Advancing New Media Research: Review of USIP Report

Very interesting to read the conclusions of a special report by a panel of new media experts and researchers for the US Institute of Peace.

The report advocates for new research tools and methods to understand the impact of new media - particularly tools that parse languages other than English, new 'open' approaches to collecting data, and new approaches to categorization:

Better research tools are urgently needed. Although some highly promising tools exist, they need to be developed so that they can parse languages other than English. New tools that can identify the tone of communication would help greatly but would also require major technological advances.

The disparity between publicly available data on new media and those held by private companies (or, in some cases, publicly owned companies in other countries) is considerable. Public-private partnerships, or initiatives sponsored by well-respected nongovernmental bodies, are needed to create frameworks that would allow research on the consequences of new media.

Being sensitive to the differences between, and relationships among, the various kinds of new media is also important. Blogs are different from text messages, and both are different from social networking sites. Categorizing these media in terms of their form and likely consequences would help advance research and policy.

The report goes on to cite a set of tools that provide useful templates for future research:

the Berkman Center's Media Cloud  - - which uses language processing to help conduct content analysis on an archive of news stories and blog posts.

Stanford and Cornell's Meme Tracker - - which shows the spread and change in 'memes' (short term behaviour patterns - such phrases that spread through a community over the course of a day or week)

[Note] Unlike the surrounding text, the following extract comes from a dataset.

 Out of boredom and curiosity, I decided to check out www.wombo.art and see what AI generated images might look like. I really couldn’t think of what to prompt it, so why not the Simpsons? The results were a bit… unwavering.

Morningside Analytics linkage maps of the Persian and Arabic blogospheres -

The authors are impressed by these tools, but acknowledge that there are limitations with them.  There are three concerns that crop up. First, the authors want to see tools that can be deployed for multilingual contexts. As a Meedani, this is music to my ears. But I also know how hard it is to do content analysis in fluid linguistic contexts.  Arabic web use, for example, shows lots of code switching between different styles of the language, different alphabets, and even different languages (see Dina Basnaly's Twitter Stream as an example).

Second, they want to ensure that tools can respond to changing circumstances.  This is all the more important given that the media environment can now change within a day (I am thinking of the example of Twitter during the 2009 Iran protests). Meme tracker does well on this, but the other tools tend to take snapshots.

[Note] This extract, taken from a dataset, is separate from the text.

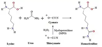 Myeloperoxidase released from neutrophils converts thiocyanate to cyanate which carbamylates lysine residues to form homocitrulline. Thiocyanate (SCN−) is a naturally occurring pseudohalide found in dietary sources. Myeloperoxidase can use SCN− as a cosubstrate together with hydrogen peroxide (H2O2) to form cyanate. In patients with kidney dysfunction urea is elevated. Urea is in equilibrium with cyanate and isocyanate. Carbamylation of nucleophilic amino groups, for example lysine residues, can modify protein structures and ultimately cause metabolic dysfunctions.

Third, the authors are concerned about the sources that these tools are able to work on. There is always going to be some labour involved in building a database of sources. Can any set of sources truly be 'comprehensive'?

I am surprised though that the report did not look at two really interesting projects: Swift - and Journalisted which have very powerful solutions to some of these problems.

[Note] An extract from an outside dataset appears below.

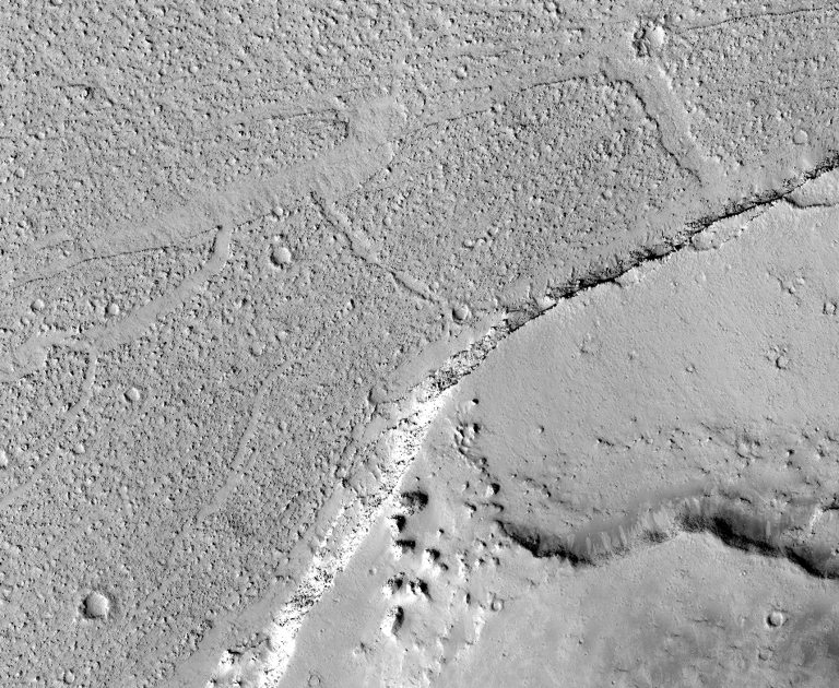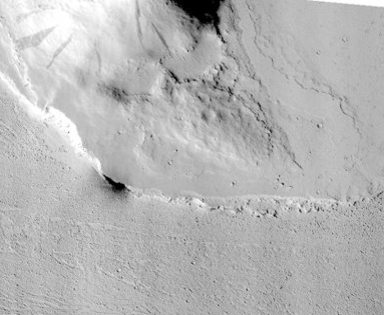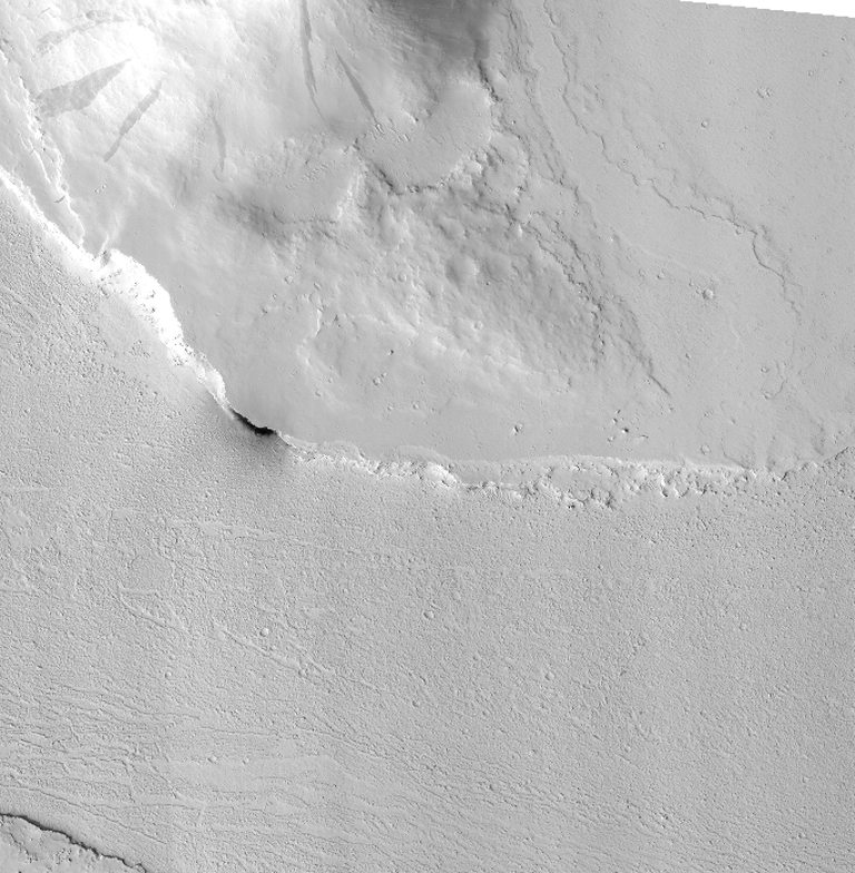 Im Marte Vallis nahm MRO im Juni 2007 einen Berg auf, der umgeben von einem steinernen, mit Eisschollen bedeckten Meer zu liegen scheint, ähnlich wie ein Eisberg im Packeis. Ein vergleichbares Bild hatte Mars Express im Februar 2005 fotografiert - "Packeis" in einem gefrorenen See, bedeckt von einer dünnen Schicht Staub oder Asche.

At Meedan, we spent some time trying to tackle these issues back in 2009. We developed a structured data set, all open source, comprising hundreds of Middle East media on Freebase . The idea was that we could crowdsource data - such as publisher, location, language - around all kinds of web-based media, from blogs to news sites to twitter streams. You should be able to see for each source some nutritional information that could help you distinguish between, for sake of example, Al Manar and Annahar.  To date though the database has not developed the community we need to maintain it.

To close my thoughts on this, a question - what could Meedan be doing today to help researchers and web users better understand the changing new media environment?  What simple tools would help improve awareness of social and political trends in diverse communities around the world?